The economy in the U.S. expanded less than previously estimated in the third quarter, reflecting a drop in inventories that points to a pickup in growth as 2011 comes to a close.
Structural Issues
Gross domestic product climbed at a 2 percent annual rate from July through September, less than projected and down from a 2.5 percent prior estimate, revised Commerce Department figures showed today in Washington. The median forecast of 81 economists surveyed by Bloomberg News called for no revision. Excluding stockpiles, so-called final sales climbed 3.6 percent, the most since last year’s fourth quarter.
Conditions may worse if policy makers in Washington and in Europe do not act quickly to address structural economic issues, El Erian said.
The debt crisis that began more than two years ago in Greece and snared Ireland, Portugal, Italy and Spain is close to reaching France. U.S. lawmakers yesterday failed to agree on spending cuts to address budget deficits.

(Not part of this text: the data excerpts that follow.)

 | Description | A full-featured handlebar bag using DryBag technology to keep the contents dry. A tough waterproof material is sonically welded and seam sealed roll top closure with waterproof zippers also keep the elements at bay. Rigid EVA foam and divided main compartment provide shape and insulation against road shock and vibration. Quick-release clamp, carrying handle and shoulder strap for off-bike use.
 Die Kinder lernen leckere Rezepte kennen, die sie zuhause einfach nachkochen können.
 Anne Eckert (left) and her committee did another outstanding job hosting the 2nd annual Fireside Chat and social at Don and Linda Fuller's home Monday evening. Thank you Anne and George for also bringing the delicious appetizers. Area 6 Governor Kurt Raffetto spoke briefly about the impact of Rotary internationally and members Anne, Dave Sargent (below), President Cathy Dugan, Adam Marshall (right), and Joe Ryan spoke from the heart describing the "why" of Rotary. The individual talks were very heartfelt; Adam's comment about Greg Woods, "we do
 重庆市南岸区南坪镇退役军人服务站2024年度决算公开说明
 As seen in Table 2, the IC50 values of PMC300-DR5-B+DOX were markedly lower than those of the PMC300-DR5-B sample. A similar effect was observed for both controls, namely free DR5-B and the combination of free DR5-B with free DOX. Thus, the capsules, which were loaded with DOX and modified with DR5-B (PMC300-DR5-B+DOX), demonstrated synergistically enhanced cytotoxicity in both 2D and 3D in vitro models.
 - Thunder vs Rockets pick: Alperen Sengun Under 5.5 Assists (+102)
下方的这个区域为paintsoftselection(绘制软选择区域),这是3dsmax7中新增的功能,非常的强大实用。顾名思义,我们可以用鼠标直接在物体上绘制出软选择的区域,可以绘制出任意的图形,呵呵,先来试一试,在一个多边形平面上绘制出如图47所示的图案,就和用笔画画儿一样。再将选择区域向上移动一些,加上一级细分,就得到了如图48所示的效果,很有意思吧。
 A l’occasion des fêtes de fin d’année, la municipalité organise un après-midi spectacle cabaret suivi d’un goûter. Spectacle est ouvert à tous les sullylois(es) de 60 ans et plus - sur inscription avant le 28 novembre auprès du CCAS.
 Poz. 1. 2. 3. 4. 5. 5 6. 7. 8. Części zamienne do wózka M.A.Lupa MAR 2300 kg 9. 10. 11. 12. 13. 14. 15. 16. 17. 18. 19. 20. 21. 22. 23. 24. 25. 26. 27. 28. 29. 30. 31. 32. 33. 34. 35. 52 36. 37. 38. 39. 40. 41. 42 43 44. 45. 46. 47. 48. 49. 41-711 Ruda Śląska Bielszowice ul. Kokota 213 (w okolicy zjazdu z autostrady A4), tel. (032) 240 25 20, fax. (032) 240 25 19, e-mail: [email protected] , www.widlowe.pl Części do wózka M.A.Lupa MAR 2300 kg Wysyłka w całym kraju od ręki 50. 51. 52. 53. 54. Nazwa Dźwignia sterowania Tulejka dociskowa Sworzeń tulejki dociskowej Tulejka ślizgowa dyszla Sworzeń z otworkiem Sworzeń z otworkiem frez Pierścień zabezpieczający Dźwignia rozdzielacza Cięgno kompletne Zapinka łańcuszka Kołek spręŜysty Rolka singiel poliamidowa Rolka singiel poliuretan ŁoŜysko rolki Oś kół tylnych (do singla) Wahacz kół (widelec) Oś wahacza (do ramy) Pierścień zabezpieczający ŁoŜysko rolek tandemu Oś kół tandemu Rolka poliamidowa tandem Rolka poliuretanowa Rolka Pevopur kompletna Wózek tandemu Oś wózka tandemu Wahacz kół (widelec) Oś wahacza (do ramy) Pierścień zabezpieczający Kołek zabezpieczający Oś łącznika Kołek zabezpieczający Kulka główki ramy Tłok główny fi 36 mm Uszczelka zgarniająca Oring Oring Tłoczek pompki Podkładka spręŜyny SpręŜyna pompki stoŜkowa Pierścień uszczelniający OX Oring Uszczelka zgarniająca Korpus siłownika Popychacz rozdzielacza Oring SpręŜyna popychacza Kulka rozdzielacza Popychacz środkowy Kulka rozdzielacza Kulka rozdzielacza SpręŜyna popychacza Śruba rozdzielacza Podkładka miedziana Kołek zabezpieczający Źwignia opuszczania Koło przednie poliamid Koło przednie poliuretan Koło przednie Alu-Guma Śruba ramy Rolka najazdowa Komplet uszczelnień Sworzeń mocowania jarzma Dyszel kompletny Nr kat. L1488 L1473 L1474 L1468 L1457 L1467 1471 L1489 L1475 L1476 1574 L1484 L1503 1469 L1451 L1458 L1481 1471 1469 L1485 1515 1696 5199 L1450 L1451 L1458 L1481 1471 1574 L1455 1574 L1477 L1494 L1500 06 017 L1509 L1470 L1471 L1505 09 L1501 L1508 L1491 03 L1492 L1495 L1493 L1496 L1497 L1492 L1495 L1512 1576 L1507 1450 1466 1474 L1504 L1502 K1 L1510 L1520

“The big concern is us being tipped over by Europe. And things in Europe are getting worse, not better,” he said. “Unlike Europe, the U.S. doesn’t have an engineering problem. It faces a political problem.”
European policy makers have to choose between a full fiscal union or a smaller euro zone, two options with heavy costs that have paralyzed policy makers, El-Erian said from Pimco’s headquarters in Newport Beach, California.
Total Return Fund
“The muddled middle is no long sustainable,” El-Erian said. “Europe needs to make a choice if it wants to save the euro,” he said.